2023-05-26 11:18:58 :: gribber :: INFO     -> /work/bb1153/b382289/grib-example/tco1279-orca025/ICMGG????+*
2023-05-26 11:18:58 :: gribber :: INFO     -> Creating GRIB indices...
2023-05-26 11:19:15 :: gribber :: INFO     -> CompletedProcess(args=['gribscan-index', '-n', '1', '/scratch/b/b382076/gribscan/tco1279-orca025/ICMGGhvi1+000060', '/scratch/b/b382076/gribscan/tco1279-orca025/ICMGGhvi1+000078', '/scratch/b/b382076/gribscan/tco1279-orca025/ICMGGhvi1+000090', '/scratch/b/b382076/gribscan/tco1279-orca025/ICMGGhvi1+000012', '/scratch/b/b382076/gribscan/tco1279-orca025/ICMGGhvi1+000036', '/scratch/b/b382076/gribscan/tco1279-orca025/ICMGGhvi1+000006', '/scratch/b/b382076/gribscan/tco1279-orca025/ICMGGhvi1+000072', '/scratch/b/b382076/gribscan/tco1279-orca025/ICMGGhvi1+000096', '/scratch/b/b382076/gribscan/tco

Since for the example we used a subset of the original grib files, we need to specify the `replace` option to `False`, in order to not overwrite the already existing entry in the catalogue.

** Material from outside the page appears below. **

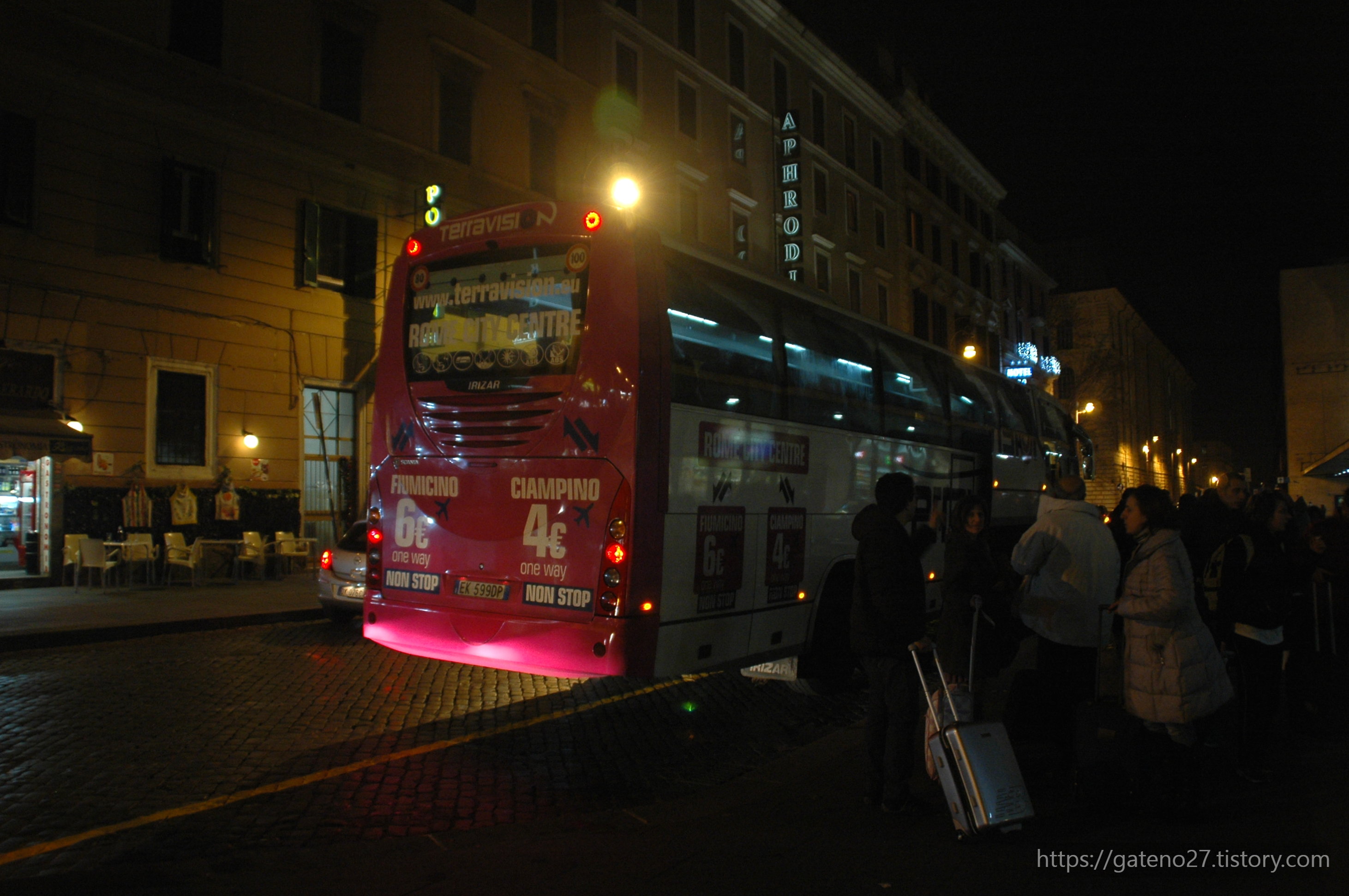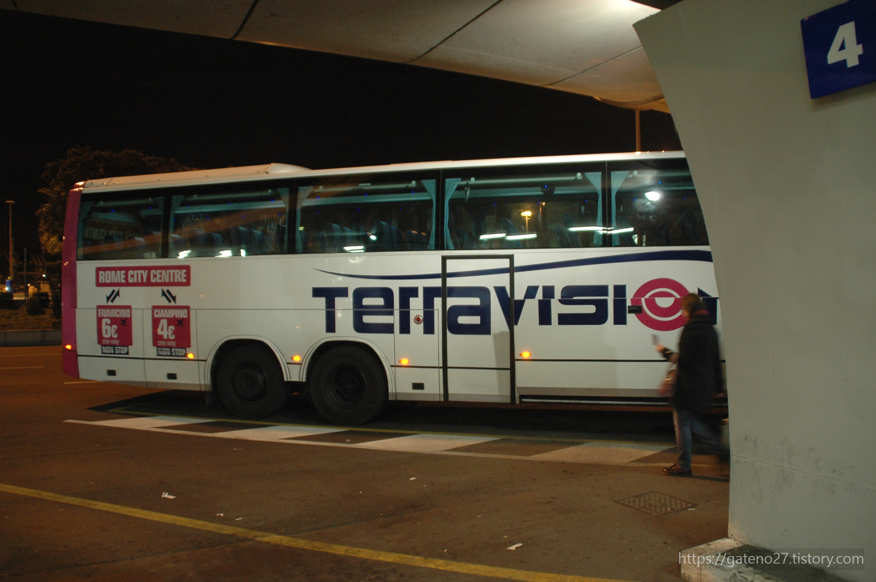 한국은 이미 새벽이지만, 이곳은 아직 저녁. 피곤하고 졸리니 얼른 숙소에 체크인을 해야겠다고 마음먹었다. 우리 숙소는 로마 여행의 중심인 테르미니역 근처 호스텔을 예약해 두었기에, 공항에서 테르미니역으로 가는 '테라비전(Terravision)' 버스를 이용했다.

However, since the folder in which `.index` and `.json` files are stored is different from the one in which the original grib files are stored, the first time that the `Gribber` class is called, they have been created.

In addition, the `Gribber` class can be used via a command line tool in `cli/gribber/cli_gribber.py`. This in an executable python script, which can be configured via a configuration yaml file (`--config configfile.yaml`), which must include the dictionary for the directories as well as the experiment details. A template for this configuration file can be found in `AQUA/cli/gribber/gribber_setup.tmpl`.